Comenzó a llover pasada la media mañana, poco antes de terminar las clases. Primero gotitas ingrávidas que parecían copos de nieve al contraluz de las farolas del patio, encendidas de forma automática porque se había oscurecido tanto que parecía el comienzo del anochecer; luego de forma torrencial y con viento, con tanta furia que los vidrios de los viejos ventanales, repiqueteaban, holgados en sus prisiones.

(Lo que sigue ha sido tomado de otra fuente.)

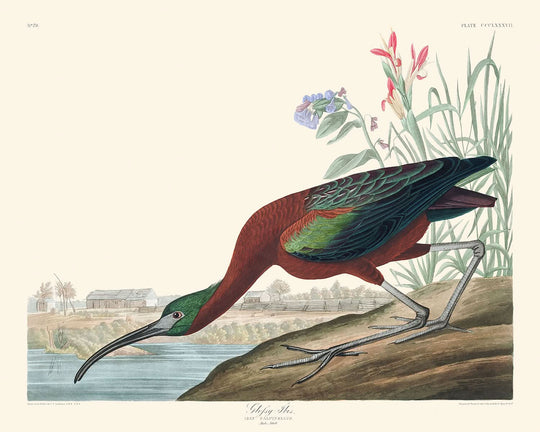 L'art d'Audubon capture l'élégance de l'ibis brillant avec sa représentation vivante. Les riches teintes marron et vert foncé de l'oiseau brillent d'une qualité éthérée. Posséder cette impression invite la sérénité de la nature dans votre espace et sert de point focal saisissant qui célèbre la splendeur de la faune aviaire.

Los compañeros de Dolores salieron en estampida en cuanto el timbre sonó. Ella esperó hasta ver a don Humberto ser engullido por el edificio de los despacho de los profesores, para seguirle. Estaba al otro lado del patio. Podría haber ido por los soportales, pero prefirió atravesarlo y empaparse. Su ropa y pelo goteaban. La tela blanca de su camisa se volvió transparente al adherirse a la piel. Desvelaba la oscuridad de sus pezones, erizados por el frío. Era la hora de la tutoría, a don Humberto no le extrañó que Dolores estuviera allí. Era una de sus mejores alumnas, una de las que más interés ponía en las clases, la que más preguntas solía hacer. Tardó en mirarla porque toda su atención estaba puesta en un mensaje telefónico; luego, durante unos segundos, no supo cómo reaccionar. Estás empapada, dijo. Llueve, fue la escueta respuesta. Del baño cogió una toalla y se la tendió; pero Lolita lo invitó a que lo hiciera él. El nerviosismo se disfrazó de torpeza y la toalla cayó al suelo; ya no fue necesario recogerla; podía dejar de fingir. Uno de los muslos de Lolita estaba entre los suyos, notando la evidencia de su excitación. Antes de que se la metiera en la boca, don Humberto le hizo saber que no necesitaba hacer eso para aprobar, que sus notas eran muy buenas. Obtuvo como respuesta una carcajada. Se corrió en las profundidades de la boca femenina casi de inmediato. La condición de matemático de don Humberto lo obligaba a contabilizar hechos. En su listado mental apuntó: 3 de noviembre, primer día que una mujer bebe mi semen. También pensó, mientras se reflejaba en el espejo del baño, que probablemente era el primer día que lo humillarían públicamente. Quizá colgara lo ocurrido en Youtube o lo denunciara, porque no era comprensible que una criatura como Lolita sintiera algún interés por él: su propia mujer admitía que su único atractivo estaba en su nómina fija.